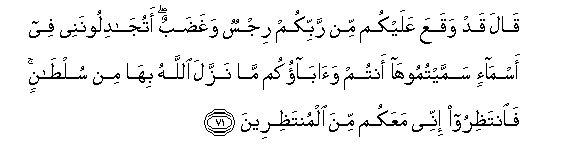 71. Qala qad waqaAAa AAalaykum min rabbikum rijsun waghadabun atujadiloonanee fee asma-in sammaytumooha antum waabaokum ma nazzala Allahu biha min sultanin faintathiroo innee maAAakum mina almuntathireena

-=-=-=-=-

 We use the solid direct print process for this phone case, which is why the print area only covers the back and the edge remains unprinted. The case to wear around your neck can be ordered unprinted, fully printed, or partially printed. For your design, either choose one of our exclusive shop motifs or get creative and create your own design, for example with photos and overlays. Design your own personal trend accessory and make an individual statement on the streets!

-=-=-=-=-

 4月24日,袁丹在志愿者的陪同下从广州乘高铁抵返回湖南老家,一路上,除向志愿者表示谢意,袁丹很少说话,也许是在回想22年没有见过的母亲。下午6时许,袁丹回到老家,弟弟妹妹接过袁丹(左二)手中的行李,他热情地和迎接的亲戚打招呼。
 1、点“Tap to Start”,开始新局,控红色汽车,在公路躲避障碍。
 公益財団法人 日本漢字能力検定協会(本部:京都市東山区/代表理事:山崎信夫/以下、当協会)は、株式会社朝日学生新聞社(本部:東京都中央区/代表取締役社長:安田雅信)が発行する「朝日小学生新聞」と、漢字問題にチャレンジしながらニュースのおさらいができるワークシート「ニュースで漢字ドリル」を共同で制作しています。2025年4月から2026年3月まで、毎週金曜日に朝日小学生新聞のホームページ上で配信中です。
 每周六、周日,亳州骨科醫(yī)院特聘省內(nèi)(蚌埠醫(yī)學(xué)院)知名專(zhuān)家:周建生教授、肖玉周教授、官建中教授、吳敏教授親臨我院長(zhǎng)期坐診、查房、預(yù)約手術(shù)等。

-=-=-=-=-

- _WHAT TO DO_
The lines to extract from the data above begin with the line containing "公益財団法人 日本漢字能力検" and end with the line containing "每周六、周日,亳州骨科醫(y". Extract them exactly, including both.

- _EXERCISE RESULT_
 公益財団法人 日本漢字能力検定協会(本部:京都市東山区/代表理事:山崎信夫/以下、当協会)は、株式会社朝日学生新聞社(本部:東京都中央区/代表取締役社長:安田雅信)が発行する「朝日小学生新聞」と、漢字問題にチャレンジしながらニュースのおさらいができるワークシート「ニュースで漢字ドリル」を共同で制作しています。2025年4月から2026年3月まで、毎週金曜日に朝日小学生新聞のホームページ上で配信中です。
 每周六、周日,亳州骨科醫(yī)院特聘省內(nèi)(蚌埠醫(yī)學(xué)院)知名專(zhuān)家:周建生教授、肖玉周教授、官建中教授、吳敏教授親臨我院長(zhǎng)期坐診、查房、預(yù)約手術(shù)等。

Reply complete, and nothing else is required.